COMMENT: Boho is BORING (and we need to leave festival fashion behind) 1 year ago

COMMENT: Boho is BORING (and we need to leave festival fashion behind)

Temporary tattoos? Nope. Fringe waistcoats? Nope. Face jewels? Triple nope.

If you have avoided the advice of fashion bloggers and celebs on social media (and actually have a life), congratulations.

If not, you'll be aware that California’s Coachella is kicking off the 2017 festival season this weekend, so expect to see plenty of the above items in photos from the event in the next few days.

Certain elements of festival fashion have come in for criticism in recent years – Native American feather headdresses, Afro box braids and Hindu bindis have popped up at music events across the globe for years, prompting cries of cultural appropriation.

Playing dress-up with traditional garb from world cultures is definitely problematic, but as bloggers and celebs race to put the finishing touches to their #Coachella looks, I propose we call for an end to ALL predictable festival trends.

Let’s call a spade a spade – the monster that is festival fashion needs to die.

I can’t be the only one who winces at the festival-related #OOTDs that spam our Facebooks and Instagram feeds every year between April and September.

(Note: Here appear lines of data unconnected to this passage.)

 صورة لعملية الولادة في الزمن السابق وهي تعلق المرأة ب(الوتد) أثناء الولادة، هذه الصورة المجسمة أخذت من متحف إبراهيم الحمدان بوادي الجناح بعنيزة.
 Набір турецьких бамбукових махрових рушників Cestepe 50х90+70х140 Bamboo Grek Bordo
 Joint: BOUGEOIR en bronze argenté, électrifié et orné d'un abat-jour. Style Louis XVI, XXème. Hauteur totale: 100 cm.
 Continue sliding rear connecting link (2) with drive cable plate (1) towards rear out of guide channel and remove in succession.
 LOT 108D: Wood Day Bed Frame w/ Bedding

It’s a reaction prompted by disappointment rather disgust – it’s disheartening to see an otherwise insanely stylish person deck themselves out in a predictable uniform of feathers, neon and crochet year-in, year-out.

The flower crown is surely the most offensive item. It used to mean you were a free spirit, a hippy. Now all it means is you’ve been in a Claire’s Accessories at some point.

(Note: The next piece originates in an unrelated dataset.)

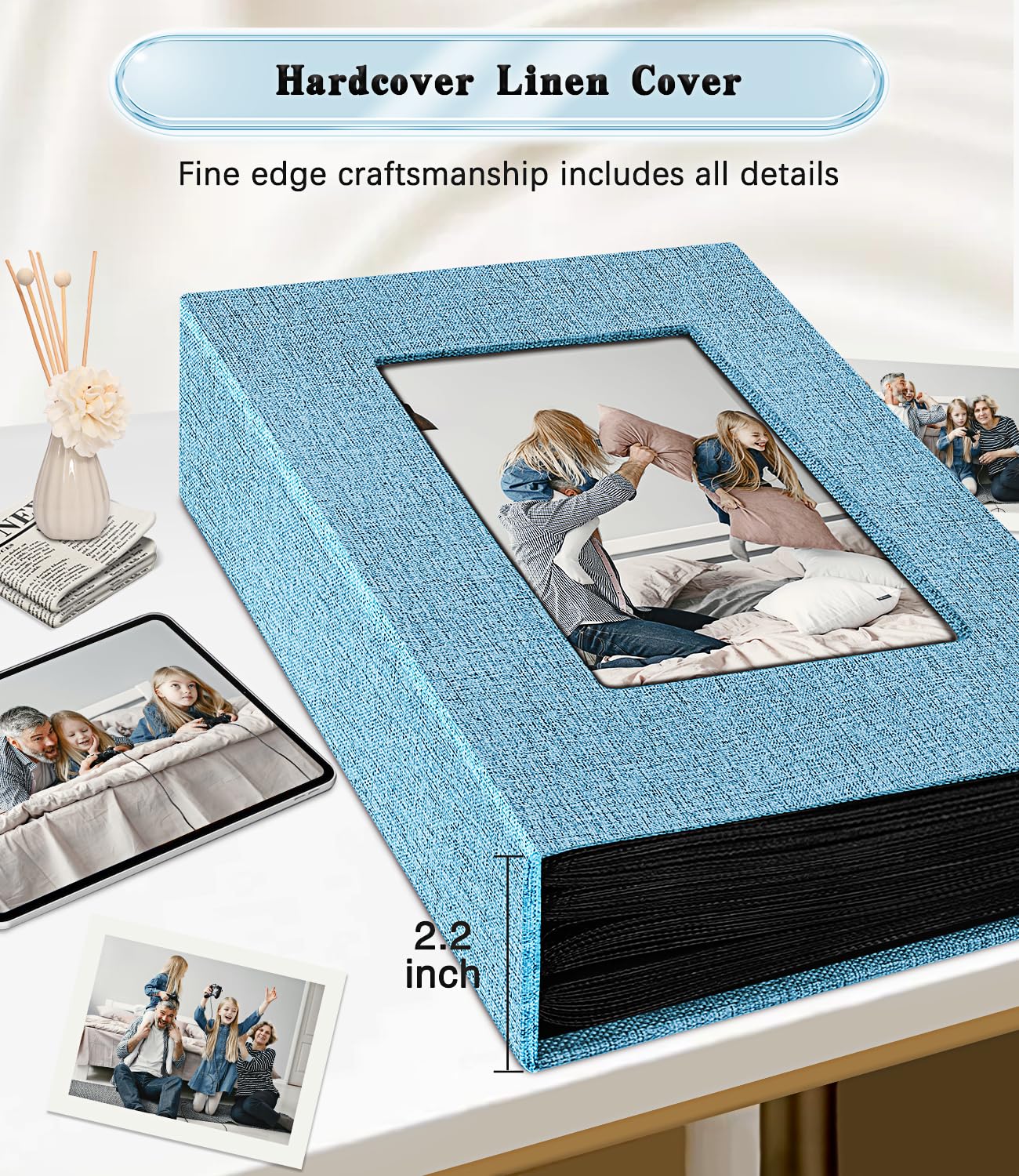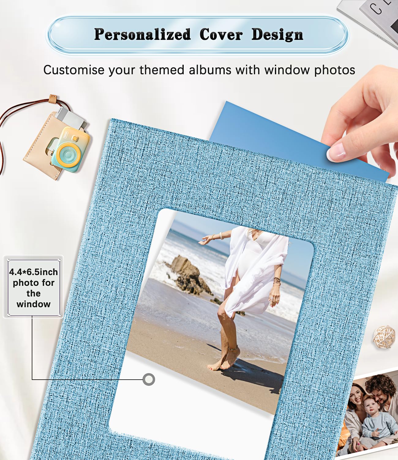 💖 Exquisite Window Design: This 4x6 photo album cover is wrapped in high quality linen, the classic linen cover not only adds vintage sophistication, but also ensures durability and protects your precious photos.The cover of the album has a flexible openable window with replaceable window photos (4.4*6.5 inch), customised to change your personal theme album.
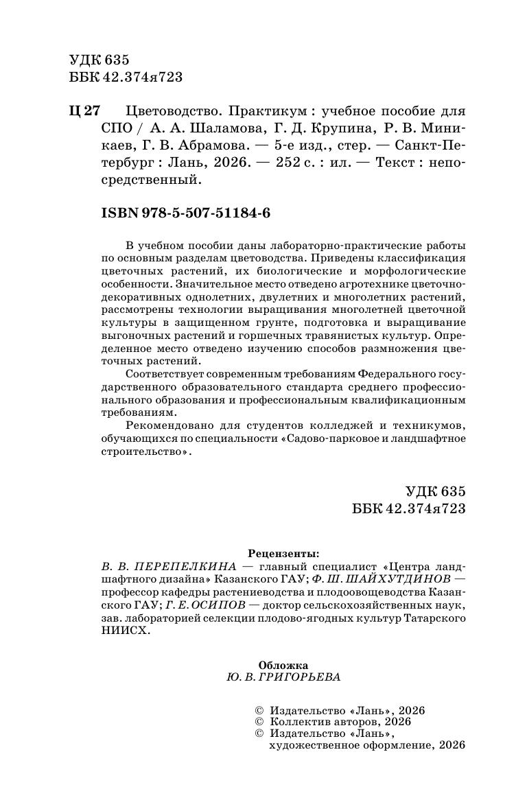 В учебном пособии даны лабораторно-практические работы по основным разделам цветоводства. Приведены классификация цветочных растений, их биологические и морфологические особенности. Значительное место отведено агротехнике цветочно-декоративных однолетних, двулетних и многолетних растений, рассмотрены технологии выращивания многолетней цветочной культуры в защищенном грунте, подготовка и выращивание выгоночных растений и горшечных травянистых культур. Определенное место отведено изучению способов размножения цветочных растений. Соответствует современным требованиям Федерального государственного образовательного стандарта среднего профессионального образования и профессиональным квалификационным требованиям. Рекомендовано для студентов колледжей и техникумов, обучающихся по специальности «Садово-парковое и ландшафтное строительство».

Furthermore; the outfits don’t match the setting. Festivals, if you take a romantic view of slashed tents and empty cans, represent a spirit of rebellion, creativity and freedom. They are, supposedly, all about the music. The essence of rock and roll, supposedly, is not trying too hard. The waistcoat-flares-floppy hat combo screams of effort.

Is it really boho if you’ve had your pristine outfits planned for weeks, and yet still end up looking like everyone else?

So, dear celebs, for us mere peasants stalking you online during Coachella and throughout festival season – please don’t dress like a New Look mannequin.